Table of summary points

Summary Point	Comment
1	BMI assessment in children is more difficult than in adults as it changes as children mature. Growth patterns are different between boys and girls and, therefore, both the age and sex should be taken into account to accurately determine the weight.
2	Renal transplantation provides a better long-term outcome than dialysis in obese patients.
3	Obesity adversely affects survival in certain groups of paediatric patiens with a higher risk of vascular thrombosis and cardio-pulmonary death.
4	Obesity is independently correlated with the development of post-transplant hypertension and cardiovascular complications.
5	Management of obesity in renal transplantation requires multiple interventions starting with life-style and behavioural modification combined with medical and possibly surgical therapies in the unique setting of childhood.
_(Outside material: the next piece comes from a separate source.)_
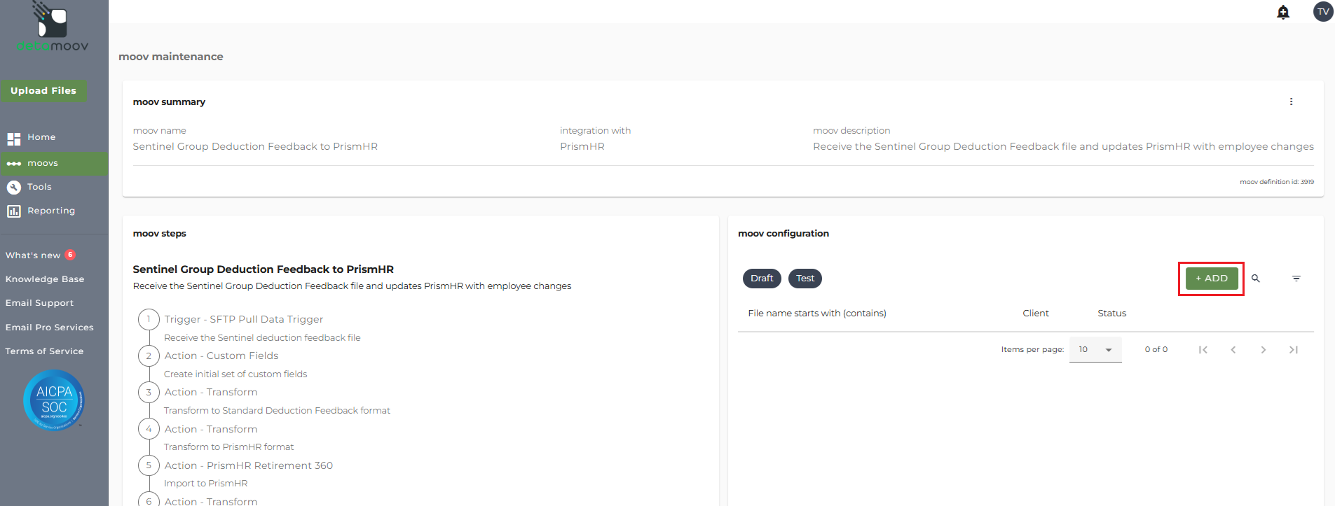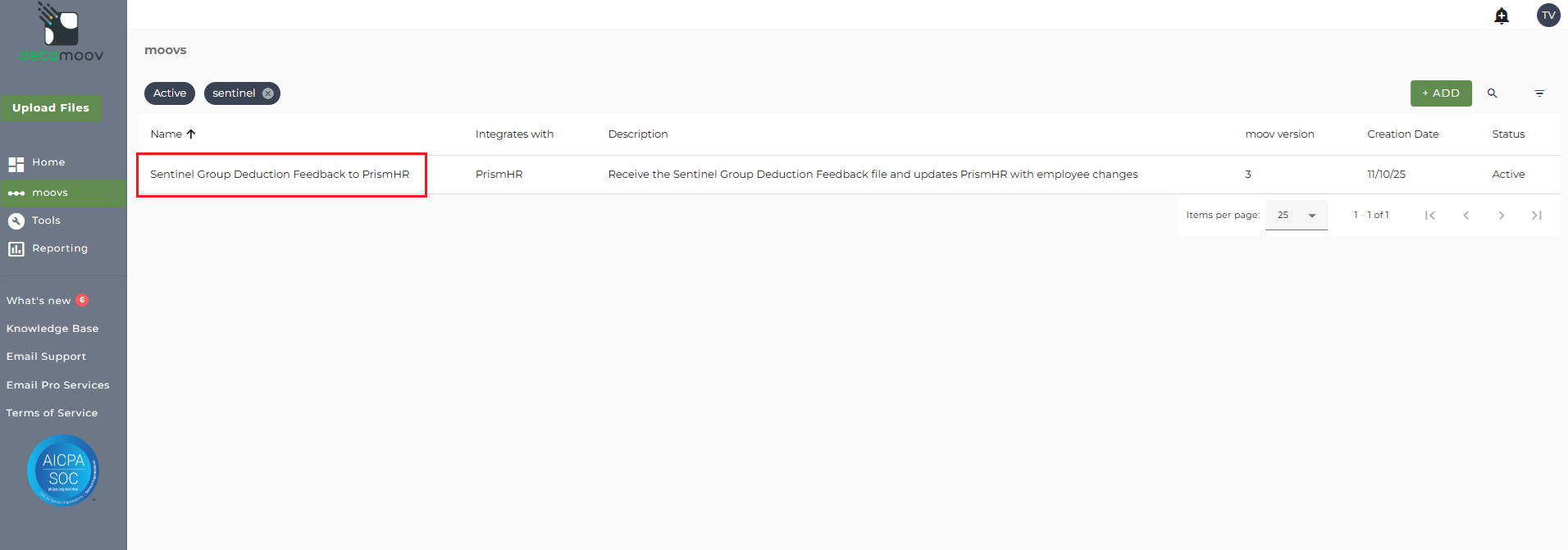 Once the Sentinel Group Deduction Feedback to PrismHR moov has been added to your account, access the moovs section on the left side menu and click on the Sentinel Group Deduction Feedback to PrismHR moov.

Multiple choice questions (answers are provided following the reference list)

1. 1)

   Regarding the definition of obesity in children:

   1. a.

      Waist-to-hip ratio is the most widely accepted measurement of excess weight;

   2. b.

      Individual clinical obesity is defined as a weight ≥91st centile;

   3. c.

      Clinical overweight in population measurements is defined as a weight ≥85th centile;

   4. d.

      Obesity is defined as a BMI in excess of 25 kg m²;

   5. e.

      The reference datasets of the IOTF, CDC and WHO are the least commonly used reference ranges for paediatric obesity.

2. 2)

   Following renal transplantation in obese paediatric recipients:

   1. a.

      Wound infection rates are reduced if sirolimus is used;

   2. b.

      Delayed graft function occurs with equal incidence with increasing levels of obesity;

   3. c.

      Delayed graft function is primarily caused by the surgeon taking too long to perform the operation;

   4. d.

      Patient survival is no different from the survival of patients on dialysis;

   5. e.

      Graft survival is equivalent to that observed in normal weight recipients.

3. 3)

   Regarding outcomes following renal transplantation in paediatric recipients:

   1. a.

      The risk of acute rejection is comparable with that of normal weight patients;

   2. b.

      The risk of patient death is higher in all obese recipients than in normal weight recipients;

   3. c.

      The risk of patient death from cardiovascular disease and infection is higher in normal weight recipients;

   4. d.

      The effects of the metabolic syndrome are eradicated by renal transplantation;

   5. e.

      The risk of metabolic complications is lower with steroid free immunosuppressive regimens.

4. 4)

   In considering weight management and transplantation:

   1. a.

      Obesity in children is influenced by parent’ eating habits;

   2. b.

      Weight gain post-transplantation is lower in pre-transplant obese children;

   3. c.

      Bariatric surgery following transplantation has shown a clear benefit in improving graft survival and is recommended;

   4. d.

      There is no role for steroid weaning regimens;

   5. e.

      Psychosocial factors have no role in managing post-transplant obesity.

5. 5)

   Regarding paediatric renal transplantation:

   1. a.

      Child and adolescent obesity is not a current concern;

   2. b.

      Weight tends to fall rather than increase following transplantation in this age group;

   3. c.

      Younger age and excess pre-transplantation weight is associated with increased weight following transplantation;

   4. d.

      Graft survival is unaffected by weight in paediatric renal transplantation;

   5. e.

      Obese children should be deferred from transplantation until they loose weight.